Provided data

::::::::

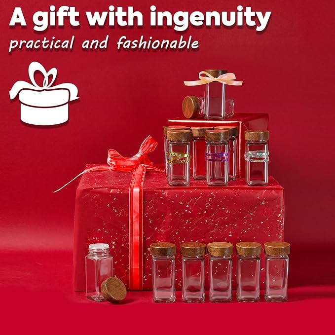 - 【EASY STORAGE】Each square glass spice jar is 4.1" x 1.74" in size with a 1.4" diameter spout.The square shape and round top reinforce the stability of the spice jar, suitable for any spice rack, cabinet, organizer, drawer or kitchen table.Can also be put directly into your bag to carry, the first choice for picnics, camping, outdoor barbecues, hiking, etc.These spice jar containers also serve as housewarming or birthday/daily/Thanksgiving/Christmas/New Year gifts.
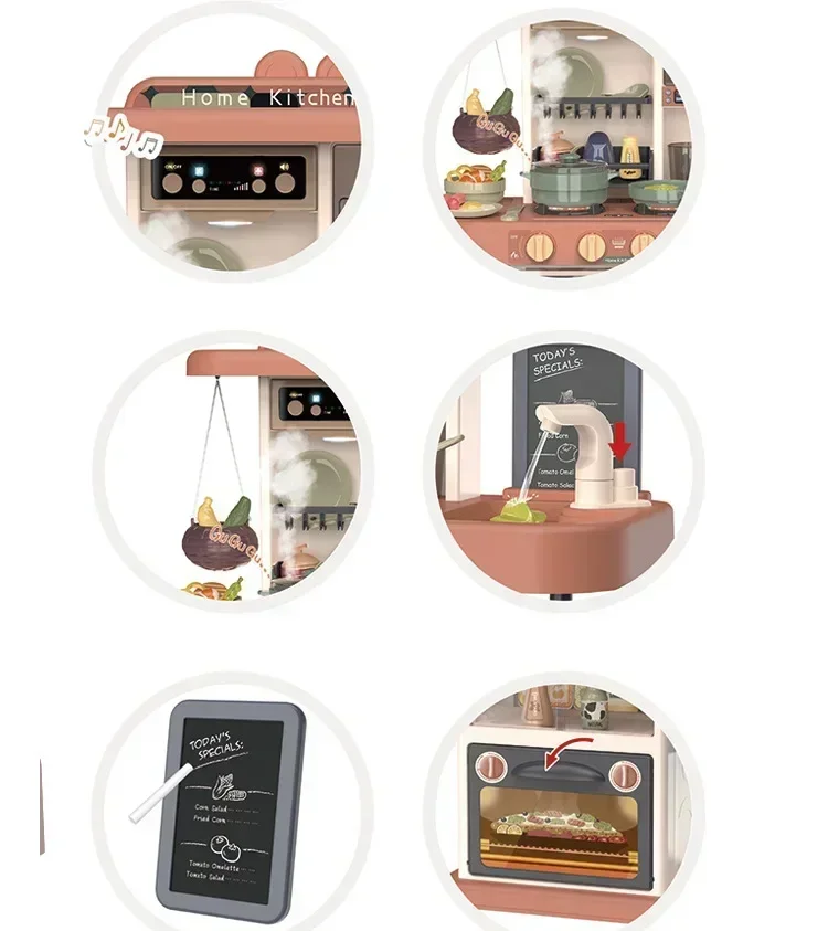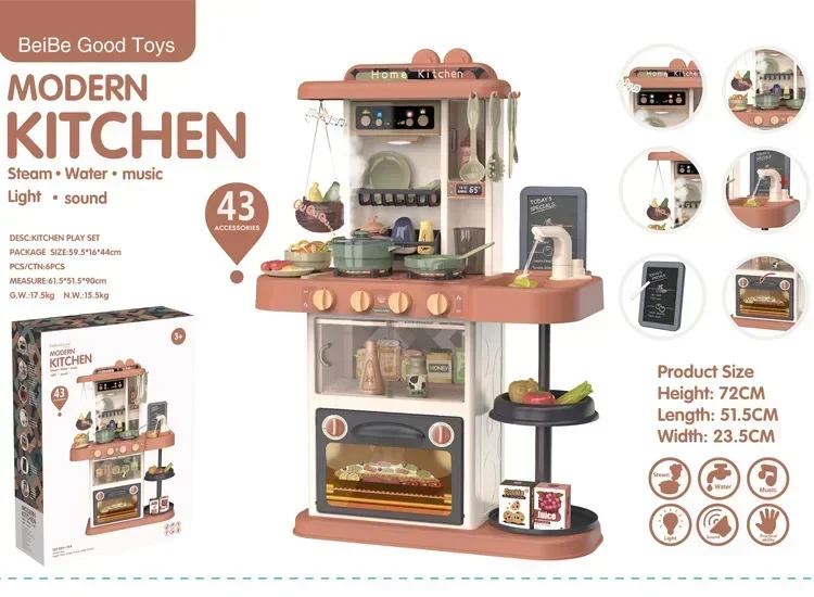 72cm Kids Mini Kitchen Toy Set – Simulation Cookware with Light & Music
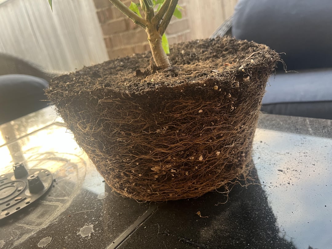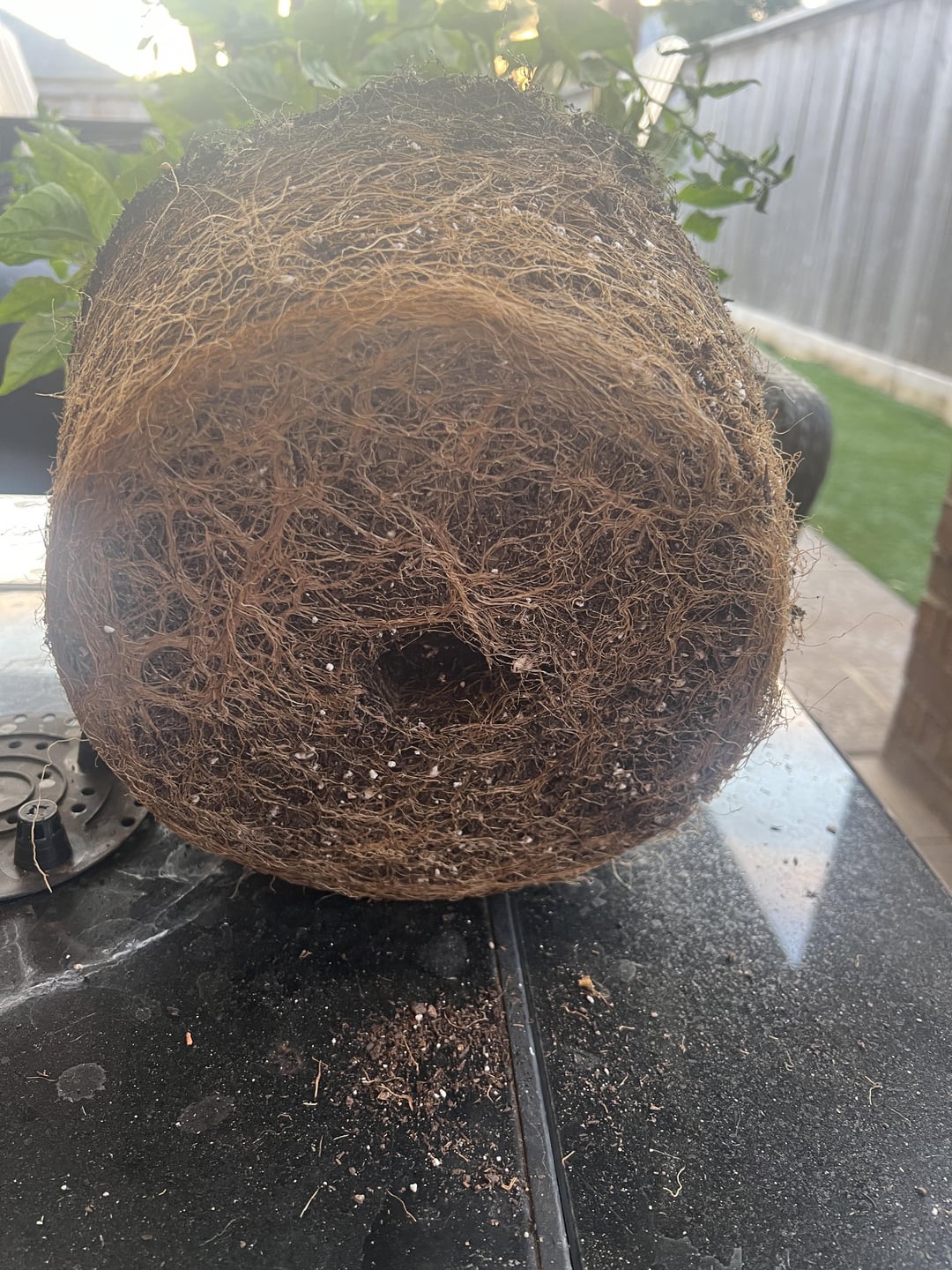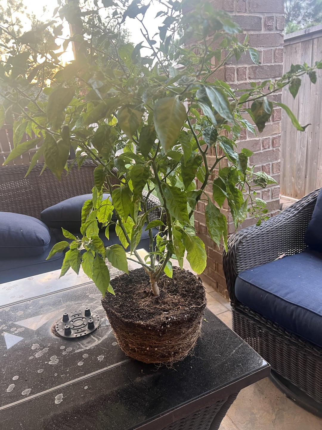 Houston – We woke up to a very windy morning . My Capsicum Pepper plant got knocked down and terracotta planter broke . Seems to me she’s root bound and that could be the reason why I’m not getting any peppers . Will repot her and was wondering if I should mess the roots a bit to give them some air or just repot her in a bigger planter adding some more soil .
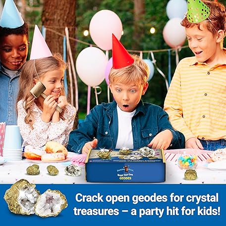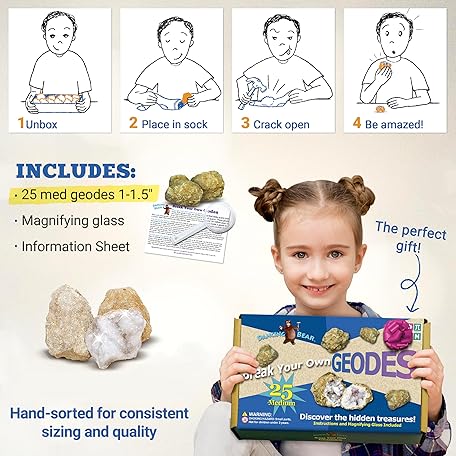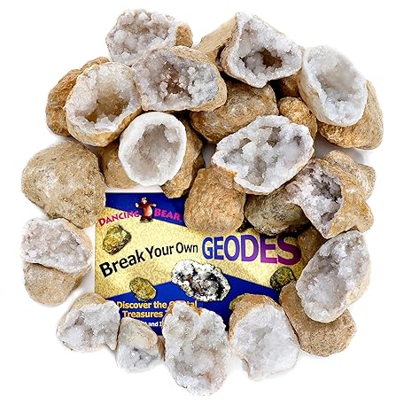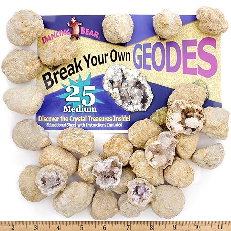 Thông tin sản phẩm DANCING BEAR DANCING BEAR 25 Break Your Own Geodes, (Medium 1-1.5") 90% Hollow, Crack Open & Discover Amazing Surprise Crystals Inside! Educational Info and Instructions Included, Fun Party Favors & Prizes

::::::::

Your goal
Output the listing exactly. Leave out any image.

Solution below
 - 【EASY STORAGE】Each square glass spice jar is 4.1" x 1.74" in size with a 1.4" diameter spout.The square shape and round top reinforce the stability of the spice jar, suitable for any spice rack, cabinet, organizer, drawer or kitchen table.Can also be put directly into your bag to carry, the first choice for picnics, camping, outdoor barbecues, hiking, etc.These spice jar containers also serve as housewarming or birthday/daily/Thanksgiving/Christmas/New Year gifts.
 72cm Kids Mini Kitchen Toy Set – Simulation Cookware with Light & Music
 Houston – We woke up to a very windy morning . My Capsicum Pepper plant got knocked down and terracotta planter broke . Seems to me she’s root bound and that could be the reason why I’m not getting any peppers . Will repot her and was wondering if I should mess the roots a bit to give them some air or just repot her in a bigger planter adding some more soil .
 Thông tin sản phẩm DANCING BEAR DANCING BEAR 25 Break Your Own Geodes, (Medium 1-1.5") 90% Hollow, Crack Open & Discover Amazing Surprise Crystals Inside! Educational Info and Instructions Included, Fun Party Favors & Prizes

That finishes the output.